Peña told Guthrie there were "certainly a lot of questions to be answered."
She wondered if the show could have been stopped before the chaos turned deadly, asking point blank if that was Scott's responsibility.
"Absolutely," Peña replied. "We all have our responsibility. Everybody at that event has a responsibility, starting from the artist on down. Certainly, as soon as they became aware... And there was evidence that the crowd itself was trying to approach some of their private security that was closer to that stage, that something was wrong."
He confirmed the presence of the ambulance that was trying to make its way through the mobs of people.
"The artist has command of that crowd," Peña said. "In my opinion – and this is my opinion right now because everything is gonna be fleshed out throughout this investigation – but certainly, if the artist notices that something is going on, he can certainly pause that performance, turn on the lights and say, 'Hey, we're not gonna continue until this thing is resolved.'"
While it's not been confirmed, concertgoers who filmed the two men speaking to Travis on stage allege that they informed the rapper of the "mass casualties."

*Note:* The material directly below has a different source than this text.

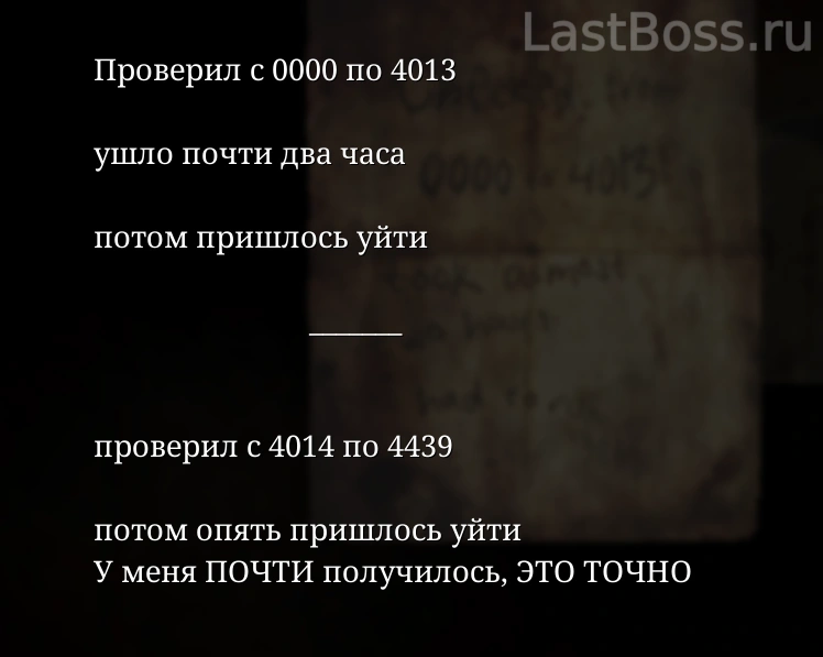 Согласно заметке с кодом, мертвый человек пытался подобрать пароль для клавиатуры методом перебора. Перевернув страницу, ты увидишь, что он сдался и убежал, когда дошел до 4439. Он думал, что почти разгадал код.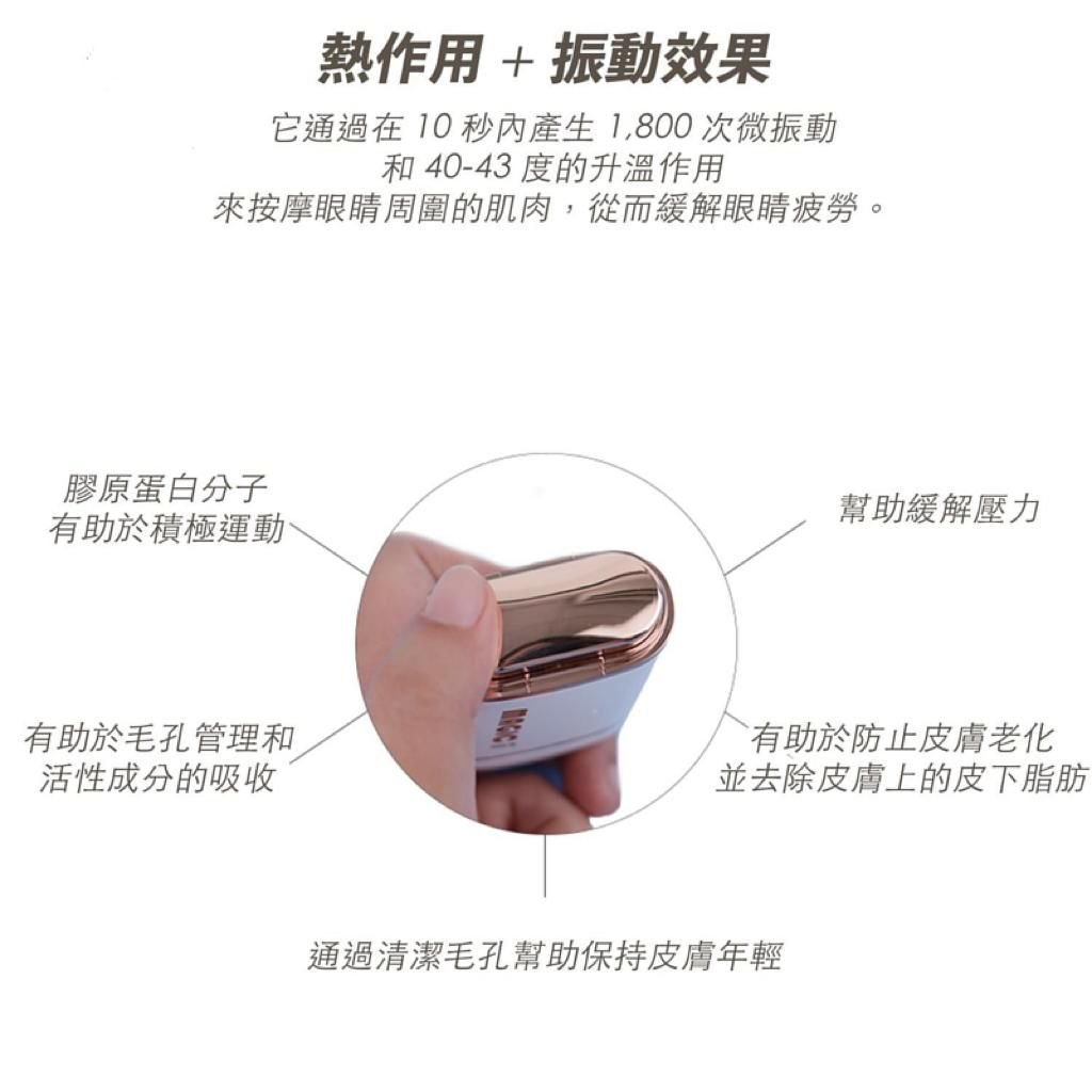 首創雙頭設計,玫瑰金頭可加強排毒和微震動效果,疏通眼周淋巴位置和積聚浮腫😍,三色LED寶石光技術📊,集中於美白除皺抗衰老功能性,極快將眼同眉係戚左上去,強力擊退眼紋同眼袋👀,舒服到好似人手按摩💆🏻♀️

When asked if his department had collected any evidence to show that Scott initiated the surge, Peña said, "No, not at this point. I'm not prepared to say that. I'm not prepared to say that he was fully aware of what was going on."
"All I'm saying is that everybody at that event – from the artist on down, security, and everybody that's there to provide public safety, including the crowds – we all have a responsibility when we attend these venues to ensure each other's safety."
He reiterated that he hopes to provide answers to everyone's questions upon conclusion of the investigation, adding that "we cannot have this happen again – here in the city or anywhere."